Using Non-invasive Brain and Spinal Cord Stimulation to Improve Arm and Hand Function After Spinal Cord Injury

Combining Non-invasive Brain and Spinal Cord Stimulation for Improving Arm and Hand Function Following Spinal Cord Injury.

Status
Not Yet Recruiting
Phase
N/A
Study type
Interventional
Enrollment
24 (estimated)
Sponsor
University of British Columbia · Academic / Other
Sex
All
Age
19 Years – 75 Years
Healthy volunteers
Not accepted

Summary

Cervical spinal cord injury (SCI) disrupts communication between the brain and spinal circuits, affecting voluntary movement control and contributing to arm and hand impairments, the top recovery priority for people with tetraplegia. Although rehabilitation and emerging neuromodulation approaches can support meaningful gains, many individuals experience persistent limitations in reaching and grasping.
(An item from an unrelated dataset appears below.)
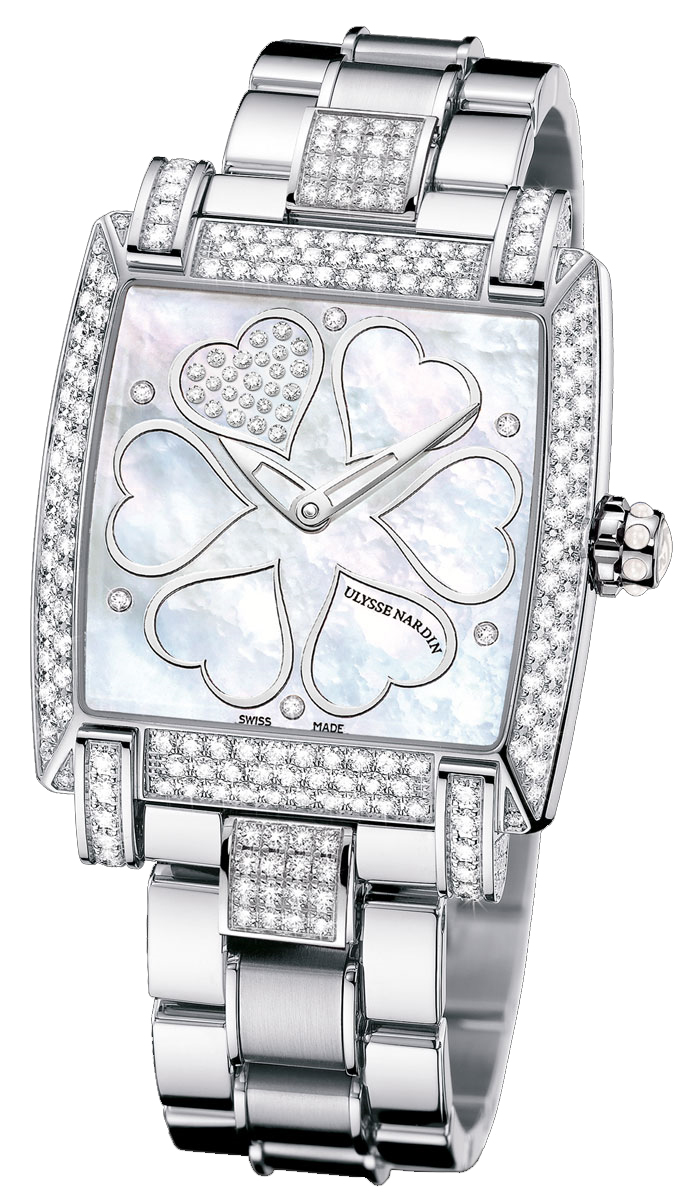 Механізм – автоматичний. Корпус – нержавіюча сталь, інкрустований білими діамантами. Циферблат – білий перлинний, інкрустований 30 білими діамантами. Запас ходу – 42 години. Ремінець – браслет з нержавіючої сталі, інкрустований білими діамантами, відкидна застібка. Водонепроникність 50 м

Current noninvasive stimulation strategies typically target the brain OR the spinal cord alone, despite strong reciprocal interactions between these structures. Cervical transcutaneous spinal cord stimulation (tSCS) can enhance upper limb function. Cerebellar stimulation, given its key role in sensorimotor integration and modulation of corticospinal excitability, represents a promising but underexplored therapeutic target. Theta burst stimulation (TBS), a rapid form of repetitive transcranial magnetic stimulation (TMS), induces lasting changes in cortical excitability and may promote associative plasticity when paired with spinal cord stimulation. This double-blind, randomized, sham-controlled pilot trial (n=24) will evaluate the feasibility, preliminary efficacy, and mechanisms of combined cerebellar TBS + cervical tSCS in people with chronic cervical SCI (AIS B, C or D). Participants will either receive cerebellar TBS + cervical tSCS, tSCS only, or sham stimulation while engaging in functional task practice such as pinching and grasping 3x/week for 8 weeks. Feasibility outcomes include adherence, retention, and safety. Efficacy will be assessed using the GRASSP strength sub-score and KINARM-based measures of sensorimotor control. Mechanistic outcomes will assess changes in cortical and spinal cord functional connectivity using resting state fMRI, corticospinal excitability using motor evoked potentials, and spinal excitability using the H reflex. Findings will establish whether combined cerebellar TBS and cervical tSCS is feasible, safe, and capable of enhancing upper limb recovery.

Conditions

Interventions

TypeNameDescription
DEVICECerebellar theta burst stimulationTheta burst stimulation (TBS) is a pattern of repetitive transcranial magnetic stimulation that will be delivered over the lateral hemisphere of the cerebellum. Sham TBS will be delivered using a sham coil over the cerebellum.
DEVICECervical transcutaneous spinal cord stimulationNon-invasive electrical stimulation at 30Hz will be delivered through 2 round electrodes placed over the cervical vertebrae to target the cervical spinal cord. Sham cervical tSCS will involve briefly increasing stimulation intensity to the sensory threshold, followed by reducing the intensity to zero for the remainder of the session
BEHAVIORALFunctional task practiceAll participants will complete 60-minute sessions of functional task practice three times per week for eight weeks, delivered concurrently with either real or sham stimulation. Following functional task practice guidelines, training will consist of repetitive, goal-directed upper-limb activities designed to promote functional independence in everyday tasks.

Timeline

Start date
2026-03-01
Primary completion
2030-11-01
Completion
2031-02-28
First posted
2026-02-20
Last updated
2026-02-20

Locations

1 site across 1 country: Canada

Source: ClinicalTrials.gov record NCT07423949. Inclusion in this directory is not an endorsement.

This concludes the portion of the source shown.